Taking diacetyl fluorescein, adding methanol with 5 times volume (mass-volume ratio, the same below) into a 500mL three-necked flask, stirring and uniformly mixing at 100-; adding 15.8g of acetic acid, and continuing to react for 3.5 h; cooling to 0-5 ℃, stirring, crystallizing for 1.0h, performing suction filtration for 0.5-1h, and performing forced air drying at 45 ℃ for 7.5h to obtain a crude product fluorescein. Adding the crude fluorescein into 6 times of anhydrous ethanol, pulping at 65 deg.C at 100 rpm for 30min, cooling to room temperature, vacuum filtering for 1h, and air drying at 55 deg.C for 8h to obtain refined fluorescein.

The purity of the refined fluorescein is up to 99.92% by detection, and the organic solvent has no residue.
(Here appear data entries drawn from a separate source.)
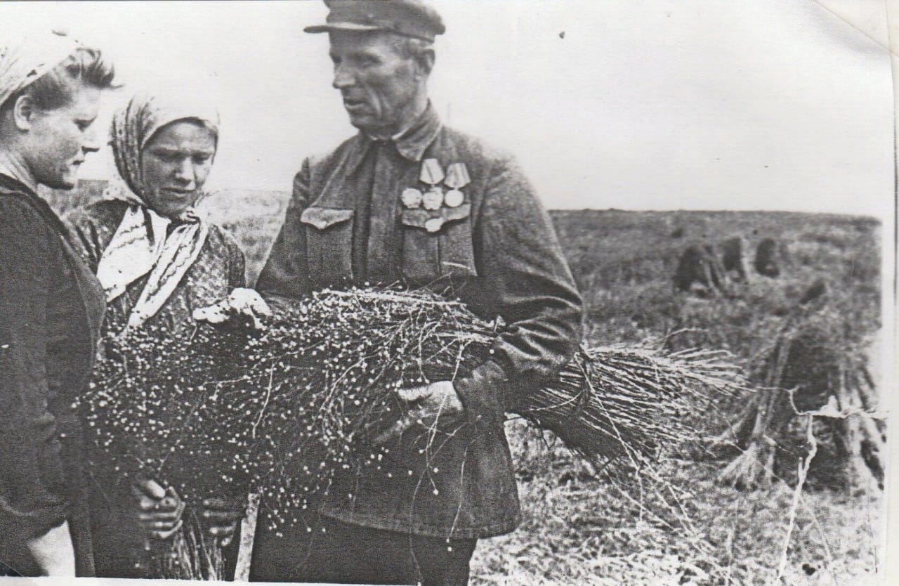 А пахать приходилось на быках. Крестьяне осознавали, что лён нужен для оборонной промышленности, а потому трудились с высокой самоотдачей.
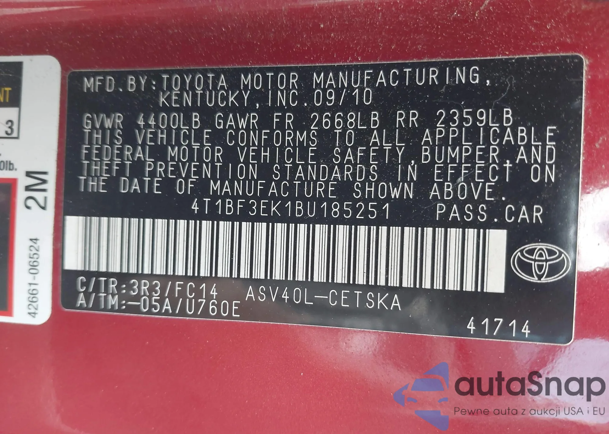 • VIN 4T1BF3EK1BU185251
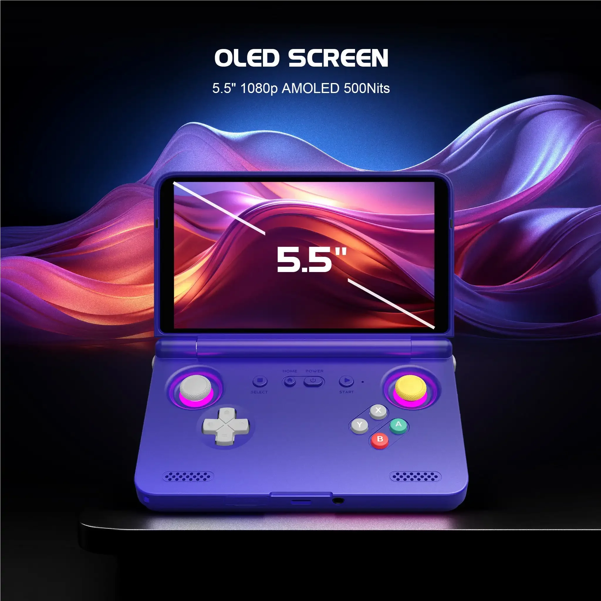 Портативная игровая консоль Retroid Pocket Flip 2 SD865/D1100 в стиле ретро, складная игровая консоль 1080p, 500 нит, с экраном 5,5 дюйма, 5000 мАч
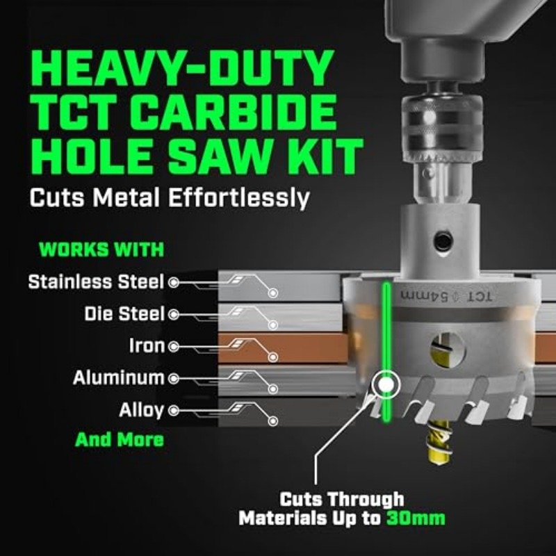 TCT Hole Saw Kit 22 Pcs Carbide Hole Saw Set 9 16 to 21 8 for Metal Stainless Steel Wood Includes 2 Drill Bits Deburring Tool 4 Blades 3 Allen Wrenches Industrial DIY Use
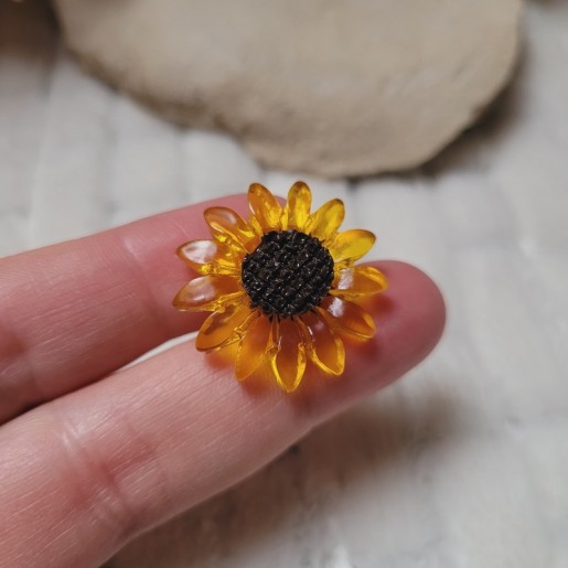 Faites rayonner votre frigo avec ce mini magnet en forme de tournesol, fabriqué à la main en résine.
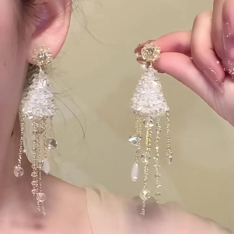 Серьги с подвесками в виде капли воды с кристаллами и кисточками из серебряных игл, серьги с темпераментом высокого класса, нишевые модные универсальные серьги для женщин
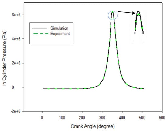 Figure 7 illustrates the in-cylinder pressure (Pa) against the crank angle (θ) for both the experimental and numerical results of the engine operation without combustion at a rotational speed of 2000 rpm for the intake temperature and pressure of 302 K and 102 kPa, respectively. The numerical data collected with the GVD consist of intake, compression, and expansion stroke between 0° to 540°. Based on the results, a good agreement between numerical and experimental results with a slight difference of about 7% at the peak pressure was observed. This might be due to the friction loss that occurred inside the cylinder while running the experiment, a factor which is not possible to include in simulation through numerical analysis.
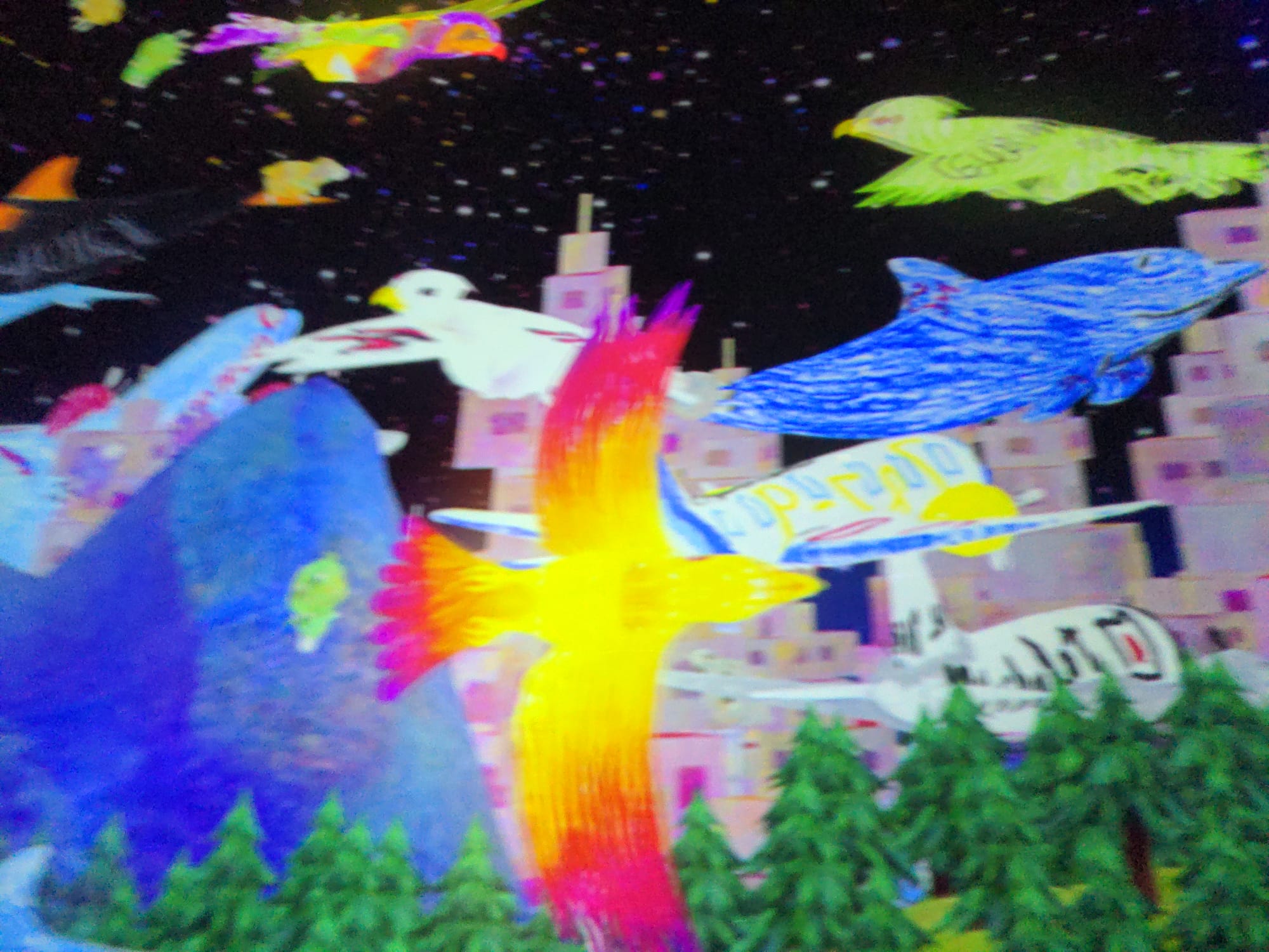 There was a part where you can draw something and then they will scan it and project it on the wall and you can even fly it around a bit.
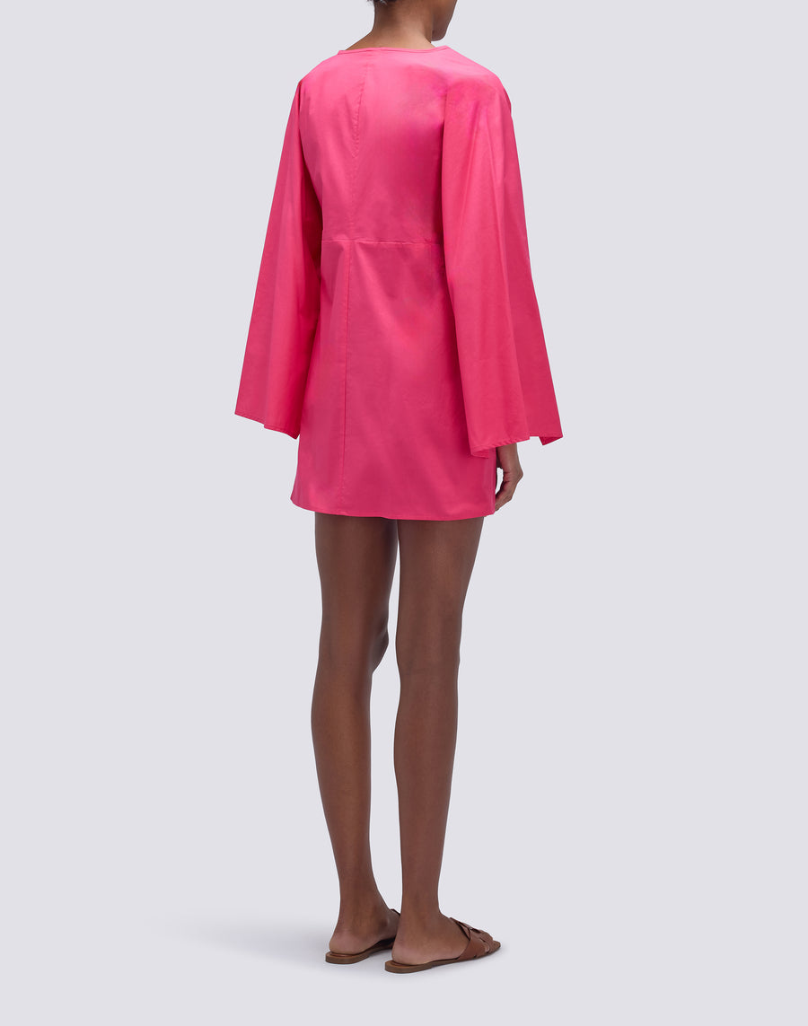 If you are looking for something different for your summer outfits, opt for this short poplin dress with long sleeves, a cut below the bust and a deep V-neck. You won't go unnoticed!
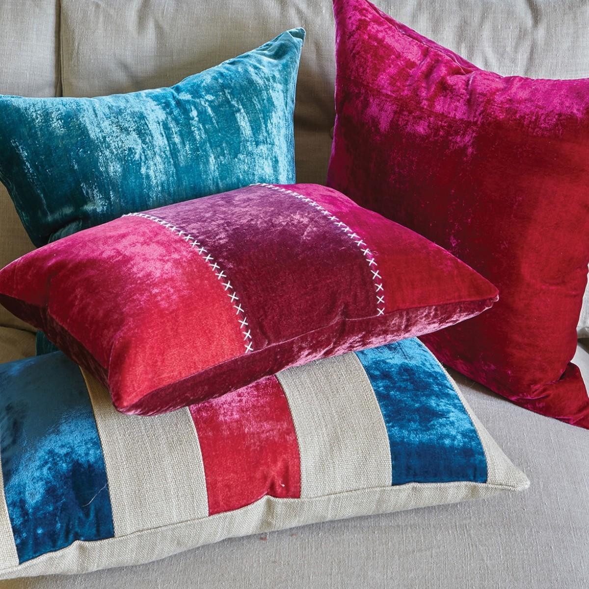 Three shades of luxurious velvet and embroidery combine to form this beautiful design. Supplied with its feather insert pad.
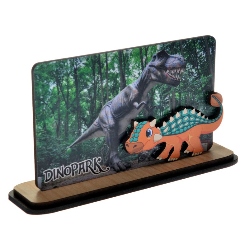 Dinozaur oraz widoczek nadrukowany jest wysokiej jakości drukiem UV, który nie blaknie na słonku.
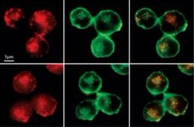 相比于未处理的树突细胞(顶端),用HSP90抑制物根赤壳菌素(radicicol)(底部)处理过的树突细胞倾向于在膜包被的胞内体(绿色;中间)中保留较高水平的抗原卵清蛋白(红色;左边)。胞内体用标记膜蛋白PKH67的染色剂标记。图片来自美国国家科学院。
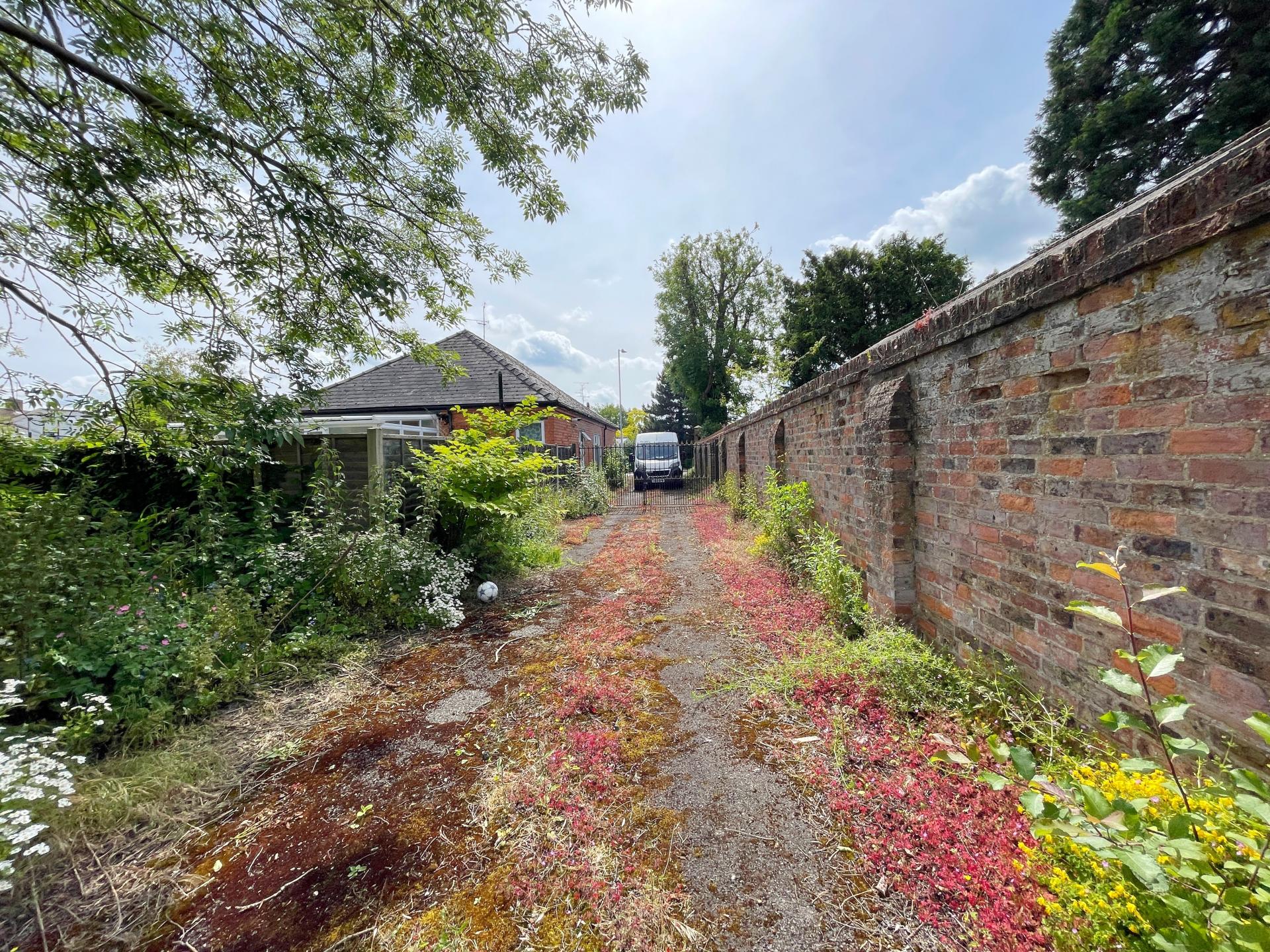 ESTABLISHED REAR GARDENS These are of generous proportions with central lawned area, extensive pathways, stocked borders, a variety of shrubs and mature trees. Twin gates lead from Halmergate providing vehicular access to the rear of the garden and the garages. There is also a vegetable garden area to the right hand side of the driveway.

The above description is only a preferred embodiment of the present invention, and not intended to limit the present invention in other forms, and any person skilled in the art may apply the above modifications or changes to the equivalent embodiments with equivalent changes, without departing from the technical spirit of the present invention, and any simple modification, equivalent change and change made to the above embodiments according to the technical spirit of the present invention still belong to the protection scope of the technical spirit of the present invention.